**MATERIAL SHOWN:**
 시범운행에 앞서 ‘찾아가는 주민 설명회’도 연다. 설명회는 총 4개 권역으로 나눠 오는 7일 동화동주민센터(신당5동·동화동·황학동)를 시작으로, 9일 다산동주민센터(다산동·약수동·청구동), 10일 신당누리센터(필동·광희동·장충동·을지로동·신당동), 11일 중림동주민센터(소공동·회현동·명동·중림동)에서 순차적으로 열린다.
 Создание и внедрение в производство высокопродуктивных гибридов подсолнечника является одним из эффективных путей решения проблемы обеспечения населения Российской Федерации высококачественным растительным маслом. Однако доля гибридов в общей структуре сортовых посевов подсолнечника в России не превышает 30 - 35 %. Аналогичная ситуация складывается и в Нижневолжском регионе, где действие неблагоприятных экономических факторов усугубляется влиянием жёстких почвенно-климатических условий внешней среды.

==

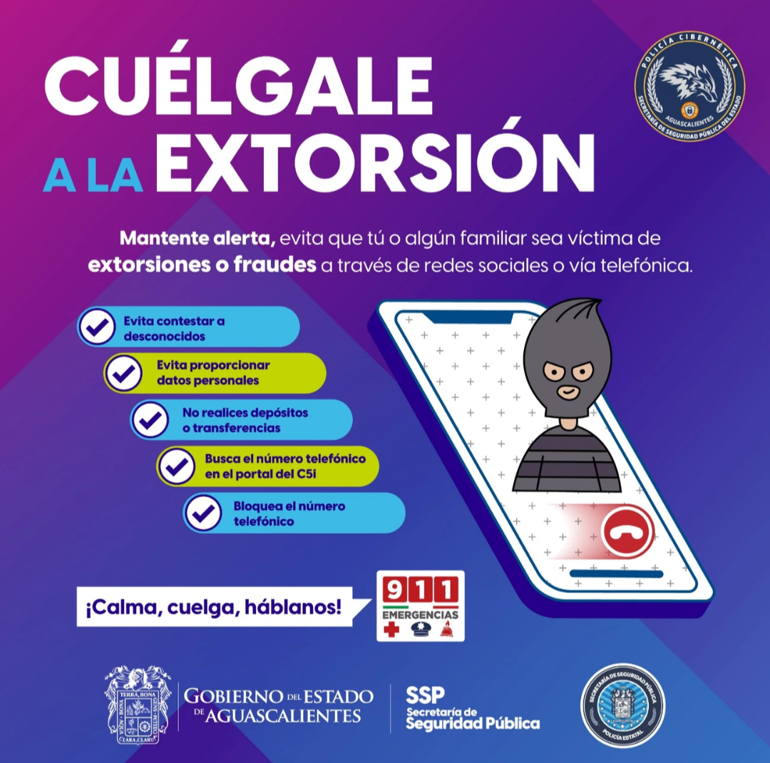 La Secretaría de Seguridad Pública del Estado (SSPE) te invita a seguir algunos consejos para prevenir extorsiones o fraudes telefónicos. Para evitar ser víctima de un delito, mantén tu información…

**EXERCISE DIRECTIONS:**
Proceeding from the line containing "시범운행에 앞서 ‘찾아가는" through the line containing "Создание и внедрение", transcribe the lines above exactly, both end lines included.

**ANSWER SPACE:**
 시범운행에 앞서 ‘찾아가는 주민 설명회’도 연다. 설명회는 총 4개 권역으로 나눠 오는 7일 동화동주민센터(신당5동·동화동·황학동)를 시작으로, 9일 다산동주민센터(다산동·약수동·청구동), 10일 신당누리센터(필동·광희동·장충동·을지로동·신당동), 11일 중림동주민센터(소공동·회현동·명동·중림동)에서 순차적으로 열린다.
 Создание и внедрение в производство высокопродуктивных гибридов подсолнечника является одним из эффективных путей решения проблемы обеспечения населения Российской Федерации высококачественным растительным маслом. Однако доля гибридов в общей структуре сортовых посевов подсолнечника в России не превышает 30 - 35 %. Аналогичная ситуация складывается и в Нижневолжском регионе, где действие неблагоприятных экономических факторов усугубляется влиянием жёстких почвенно-климатических условий внешней среды.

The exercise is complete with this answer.